そういえば、アオイさんは動物と話せるって言ってたね。このキツネさん、いつも見るし実はアオイさんの右腕的な感じなのかな……?
「分かりました。何処で寝たいんですか? やっぱりアオイさんの部屋ですか?」
「ウム シカシ カナ ヤ レナ トモ ネタイゾ」
「え?! カナさんやレナさんとも寝たいの?!」
じゃあ、キツネさんのベッド3つ追加かぁ。
「トウゼンダ ハヤク ツクレ」
でも今日中に3人のベッドは作りたいし、1つならともかく3つも追加で作れないよ。そうだ! キツネさんのベッドならサイズは小さくて良いし、移動式にすれば1つ作れば良いかな。

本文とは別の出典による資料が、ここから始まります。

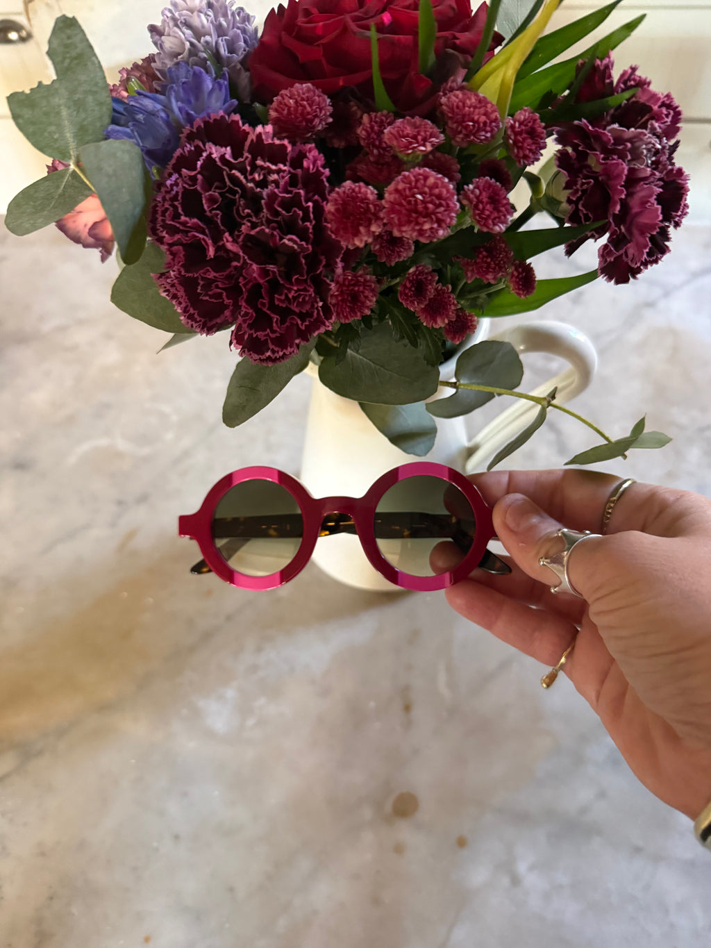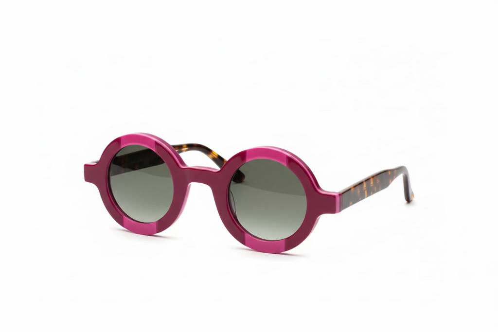 Occhiale in acetato, con lenti Zeiss di qualità certificata color grigio verde sfumato.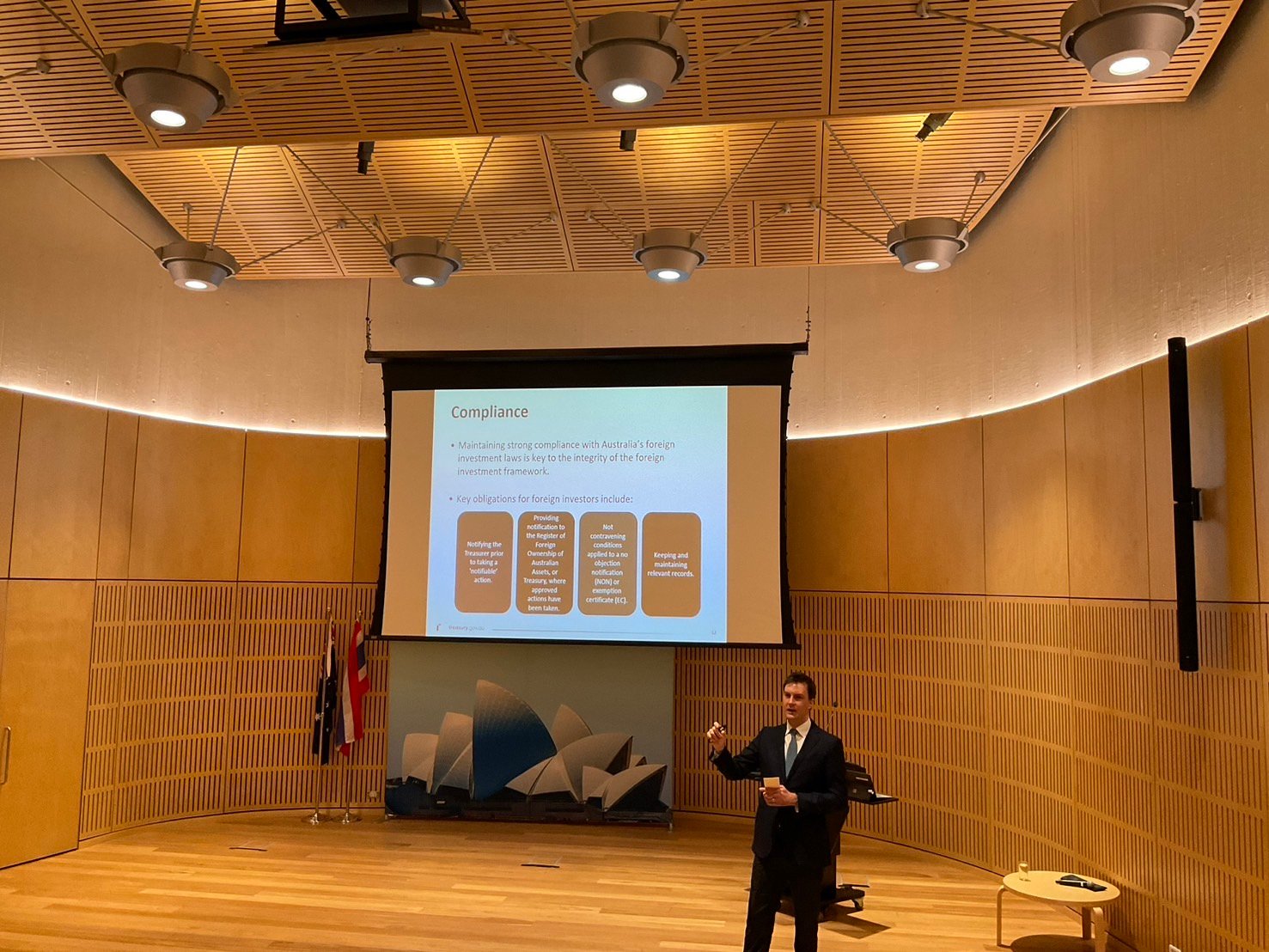 วันพฤหัสบดีที่ 30 พฤษภาคม 2567 เวลา 15.00 น. นางสาววิชชุดา ศรีมาขจร ผู้ช่วยผู้ว่าการสายงานบริหารได้รับมอบหมายให้เข้าร่วมการประชุมแลกเปลี่ยนความคิดเห็นเรื่องการปฏิรูปกรอบการลงทุนของต่างชาติในออสเตรเลีย และการแลกเปลี่ยนข้อมูลด้านการลงทุนระหว่างไทยและออสเตรเลีย นำโดย Mr Cosimo Thawley. Senior Treasury Representative to Southeast Asia การประชุมมีหน่วยงานราชการไทยและภาคเอกชนเข้าร่วมประมาณ 30 คน ณ สถานเอกอัครราชทูตออสเตรีย ประจำประเทศไทย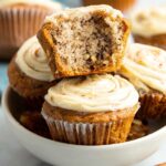 - Swirl cream cheese topping: Drop about 1 tablespoon of the cream cheese mixture atop each muffin and swirl it into the banana batter using a toothpick. The swirl won’t be smooth but will bake beautifully.

「分かりました。移動できるベッドを作るので、身体の大きさに合う希望のサイズを教えて貰えますか?」
「ウム コノクライ ノ オトキサダ。ソナタハ シゴトガ ハヤク テイネイ ト キイテイル ヨイモノヲ ツクレ」
「分かりました! 頑張りますね」
まさかキツネさんから褒められるとは思わなかった。これって僕が居ないところでも、皆さんが僕を褒めてくれてるって事だよね。嬉しいなぁ。
よし、ゆっくり休めるベッドを作ろう。
「マイス! ただいま! ご飯遅くなってごめん! 今日は屋台で色々買って来たからね」
「おかえりなさい。アオイさん。レナさんとカナさんはまだですか?」
「カナは営業中。レナは今までお世話になった親方のお家で晩御飯をご馳走になってるよ。終わったら連絡が来るから、私が迎えに行く予定。マイスのナビのおかげで居場所も分かるし迎えに行けるから別行動しやすくて助かるよ。魔力もあんまり消費しないから転移魔法を気軽に使えるしね。特にレナは街中でひとりにできなかったから」
「ああ、方向音痴って言ってましたね」
「それだけじゃないんだけどね。ま、おかげで安全に別行動出来て助かるよ」
「役に立って良かったです。お家はベッドと、簡単な机は出来ましたから、寛ぐくらいは問題ないですよ」
「え?! 早くない?!」
「キツネさんのベッドもあったから、時間ギリギリまでかかってしまいました。残業はしてないですけど、休憩は忘れてましたね。あ、お昼はちゃんと食べました。美味しかったです。ありがとうございます」
「キツネ?!」
「はい、ベッド作れって言われたので。皆さんと寝たいそうなので、ベッドは移動式にしてありますよ」
「まさか……キュビちゃん?」
「アオイ、オカエリ」
「キツネさんは、キュビさんって言うんですね」
「ム……オトコ 二 キュビ ト ヨバレルノハ フマンダガ マイス ハ イイモノヲ ツクッテ クレタ カラ トクベツ二 キュビ ト ヨンデ イイゾ」
「そうですか。光栄です。キュビさんのご希望のベッドが出来て良かったです」
あれ? アオイさんが固まってるな。もしかして、キュビさんと僕が喋るのダメだった?
「マイス……なんでキュビちゃんの言葉が分かるの?」
「えっと、キュビさんと話せるのはおかしいのでしょうか?」
「うん、おかしい。なんでキュビちゃんの言葉が分かるの? 私以外は分からないのに」
「な、なんでですか? キュビさん」
「シラン ワレハ イツモ ヒト 二 ハナシカケル ダガ ハンノウ シタノハ アオイ ト マイス ダケダ」
「え?! カナさんとレナさんは?!」
「ふたりとも話せないわ」
「ナゼ ハナセルカ ワカラン」
「えぇ……、僕だって今日急に話しかけられたんだから分かりませんよ」
「もう! スキルとか分かれば良いのに!」
「スキルって何ですかっ?!」
「あ、ああ! 気にしないで! それよりマイスは他の動物とも話せるの?!」
どうだろう。キュビさんの声しか分かんなかったけど。そう伝えると、アオイさんがたくさんの動物を連れてきた。アオイさんが声をかけるだけで集まるからすごいね。
「みんな! マイスに話しかけて!」
「「「……」」」
「なにも聞こえません」
「そっか、キュビちゃんだけかぁ」
「ワレハ カシコイ カラナ」
キュビさん、尻尾パタパタして得意げですね。めっちゃ可愛いですね。
なんだか尻尾の動きがレナさんと似てるなぁ。
「ま、キュビちゃんと話せるだけで凄いよね」
「ウム マタ イイモノヲ ツクレ」
「作れるものは危険な物でなければ、なんでも作りますけど、キュビさんの欲しいものって何ですか?」
「ワレモ フロ ガ ホシイゾ」
「キュビちゃんお風呂入るの?! なら私たちと入ろうよ!」
「ウム」
「キュビちゃん用の小さいやつ作って!」
「分かりました。浴槽だけ魔法で作って貰えますか? 魔道具はストックがあるから、すぐセットできるので今やってしまいましょう。そしたら今日からキュビさんとお風呂に入れますよ」
「ホント?! 残業で悪いけど頼んで良い?」
「もちろんです」
「ヤッタ エライゾ マイス」
「あ、お迎え行かなきゃ! すぐ浴槽作るからあとはよろしくね!」
そう言って、アオイさんは嬉しそうに去って行った。